Safety was a key feature in our project design. Our advisors Eivind Almaas and Nikolay Martyushenko helped us with choosing a safe project. Most of us had little lab experience to begin with, so we were in need of lab expertise and general safety protocols. Nikolay Martyushenko introduced us to various lab procedures such as making medium, autoclaving equipment, inoculating bacteria on plates and in liquid media. We were also introduced to the various safety precautions associated with these procedures which we followed whenever working in the lab.
A lot of our work was done in laboratories belonging to the faculty of biotechnology and food science here at NTNU. Before we could use their lab and all its equipment everybody had to fill out risk assessment forms (Link)and take part in a lab training tour led by the faculties’ staff engineer Hanne Jørgensen. The tour introduced us to available equipment and its location, safety requirements, and responsible use.

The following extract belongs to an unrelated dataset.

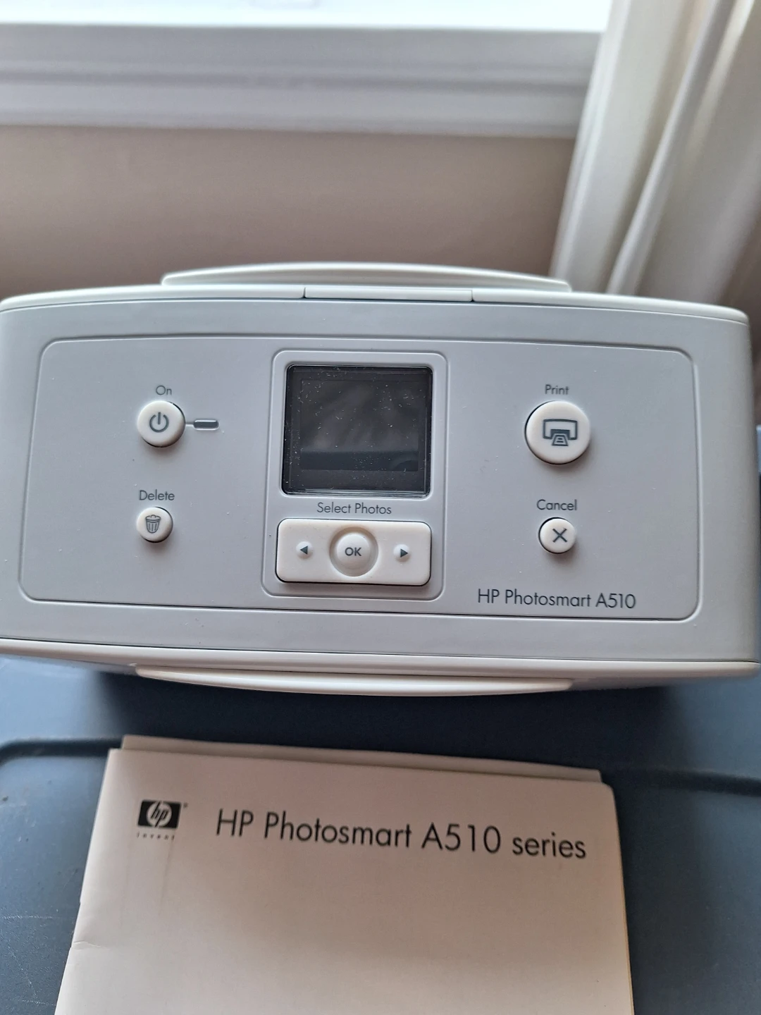 HP Photosmart A510 compact photo printer. It comes with the user guide, software CD, power cord and a carrying case. Great for printing photos at home or on the go. Uses print cartridge tri-colour 110. Pickup Scarborough Pharmacy and Ellesmere area.

We worked with E.coli Dh5α and TG1 strains, both risk group 1 organisms. Transformation of these organisms was done inside our student lab. Since we were working with genetically modified organisms, we put a strong emphasis on keeping our engineered bacteria inside our lab. This was done by autoclaving all bacterial waste and contaminated equipment such as gloves and Eppendorf tubes, washing our hands before leaving the lab and washing our workspace with 70% ethanol.
Except for Crystal Violet (CV), the chemicals used during our project didn’t present any unique safety risks. CV, a carcinogen, was handled with great care. Due to it being light-sensitive, all CV solutions were covered with aluminum foil and marked with stickers matching its Safety Data Sheet (Link). CV liquid waste was marked by its contents and disposed of in accordance with instructions from staff engineer Hanne Jørgensen.

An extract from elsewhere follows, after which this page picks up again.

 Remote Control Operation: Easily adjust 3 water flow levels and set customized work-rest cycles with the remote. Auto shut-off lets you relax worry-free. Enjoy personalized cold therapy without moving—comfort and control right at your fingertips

We also worked with confocal fluorescence microscopy and flow cytometry. We received instrument training from Astrid Bjørkøy and Marieke Olsman, respectively. These instruments presented no intrinsic safety risks, but we made sure to follow the protocols associated with both instruments carefully. Bacteria-contaminated equipment such as optical glass and gloves were thrown away after use and then autoclaved.

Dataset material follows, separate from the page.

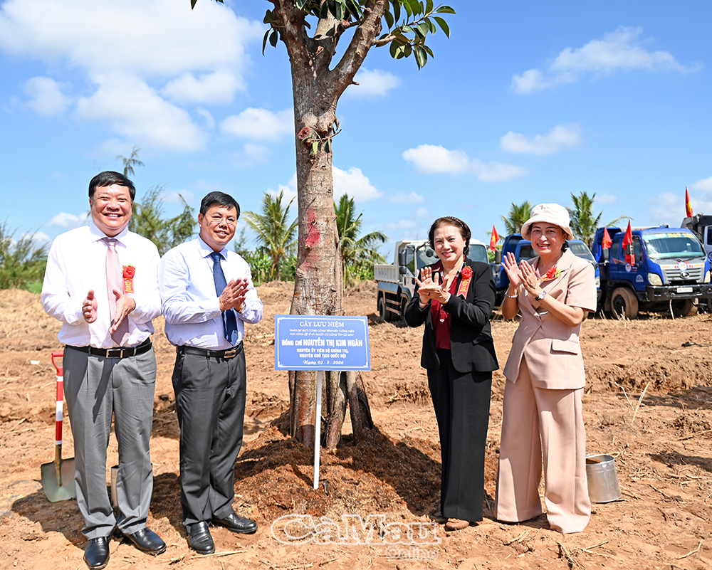 Nguyên Thủ tướng Chính phủ Nguyễn Tấn Dũng (thứ hai từ phải sang) cùng Bí Thư Tỉnh uỷ Cà Mau, Nguyễn Hồ Hải và đồng chí Phạm Thành Ngại, Chủ tịch UBND tỉnh Đồng Tháp ( nguyên Chủ tịch UBND tỉnh Cà Mau, thứ hai bên trái) và Phó chủ tịch UBND tỉnh Ngô Vũ Thăng trồng cây lưu niệm tại khu vực dự án công trình.

Our collaboration with iGEM Marburg involved them sending us a petri dish with Vibrio Natriegens bacteria and a protocol for making a growth curve for their bacteria. Since nobody had previously worked with V.natriegens at the Department of Biotechnology and Food Science here at NTNU, we had to get safety approval before starting our work in the laboratory. We asked Marburg to provide us with safety information regarding V.natriegens, which we then sent to the Department of Biotechnology and Food Science. Getting approval was unproblematic since V.natriegens is a risk group 1 organism without any intrinsic safety risks.
General lab safety
Cotton lab coats were worn inside the lab at all times. Whenever we had to go another lab we left our lab coat behind in our student lab and borrowed a vacant lab coat at the entrance to the faculties labs. As a general rule, we did our work in fume hoods, ensuring the safest possible work environment for us and the people around. Whenever handling chemicals or bacteria we wore fitting nitrile gloves, changing them frequently for optimal effect. Our beakers and tubes were marked with their specific contents to ensure that they were handled correctly and that there would be no confusion regarding their content. When leaving the lab, we washed our hands with soap and cleaned our workspace with 70% ethanol. Whenever handling the autoclave or taking bacteria from the freezer we wore thermal and cryo-resistant gloves, respectively. Safety goggles were worn whenever handling acetic acid and methanol. All of our personal equipment, such as backpacks, jackets, and food were kept outside the lab at all times. Since people switched tasks every week, we made sure to have at least 1 student from the previous week present at the lab to ensure that the newcomers followed the same procedures and safety measures surrounding the different parts of our project, such as biofilm measurement and biobrick ligation.
The major safety hazards in our project were Crystal Violet and recombinant E.coli DH5α and TG1 bacteria. As long as safety protocols are being followed, we believe that our project is safe for both researchers and the environment.